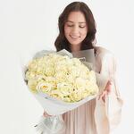 Элегантный букет из кремово-белых роз, оформленный в изящную упаковку. Идеальный выбор для выражения чистоты и нежности чувств✨
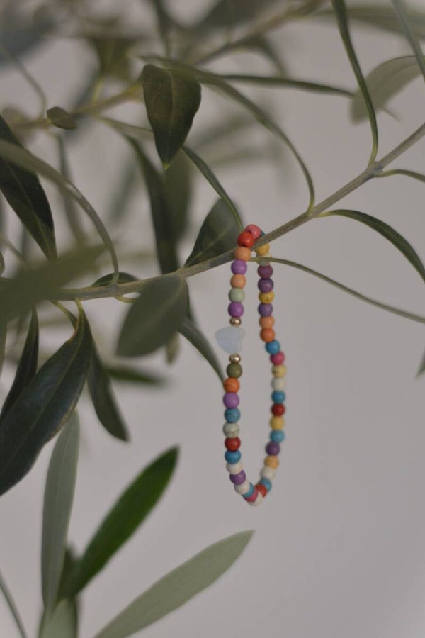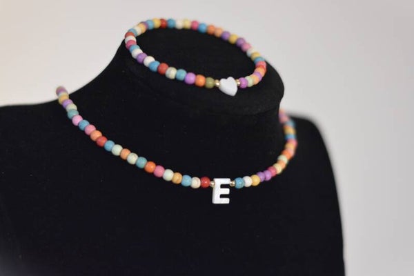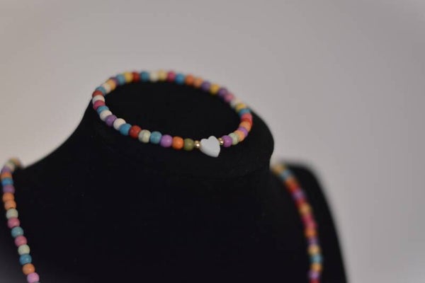 Set aus einem Armband und einer Halskette aus bunten Edelsteinperlen
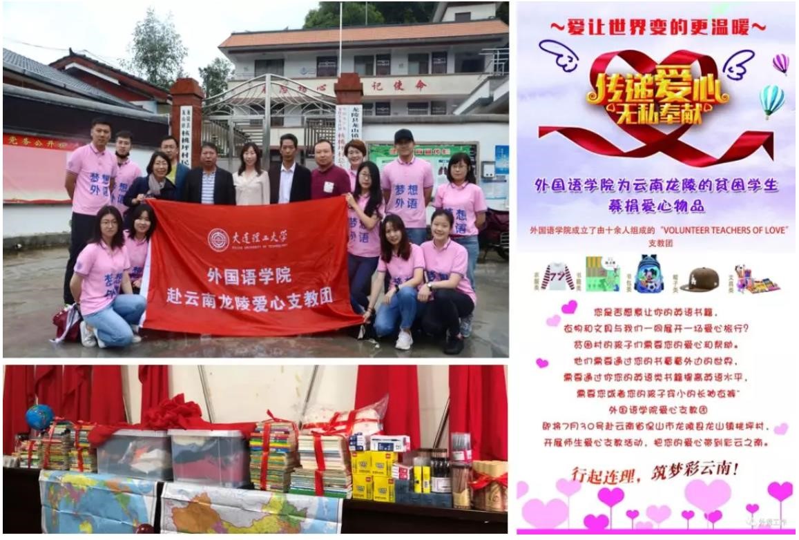 暑假伊始,外国语学院党委组织的青年师生“爱心支教团”一行13人再次踏上征程,带着募集的爱心书籍、文具等物资远赴云南省龙陵县贫困乡村开展暑期支教实践活动。爱心支教团的师生不忘“服务家国、奉献社会”的红色初心,奉献汇聚筑梦力量,青春点燃大山梦想,以行动践行外语人牢记使命勇担当的坚定信念。

++++

EXERCISE GOAL: All that belongs in the answer is the exact run of lines from the line containing "Set aus einem" to the end of the listing above, pictures removed.

ANSWER TO THE PROBLEM:
 Set aus einem Armband und einer Halskette aus bunten Edelsteinperlen
 暑假伊始,外国语学院党委组织的青年师生“爱心支教团”一行13人再次踏上征程,带着募集的爱心书籍、文具等物资远赴云南省龙陵县贫困乡村开展暑期支教实践活动。爱心支教团的师生不忘“服务家国、奉献社会”的红色初心,奉献汇聚筑梦力量,青春点燃大山梦想,以行动践行外语人牢记使命勇担当的坚定信念。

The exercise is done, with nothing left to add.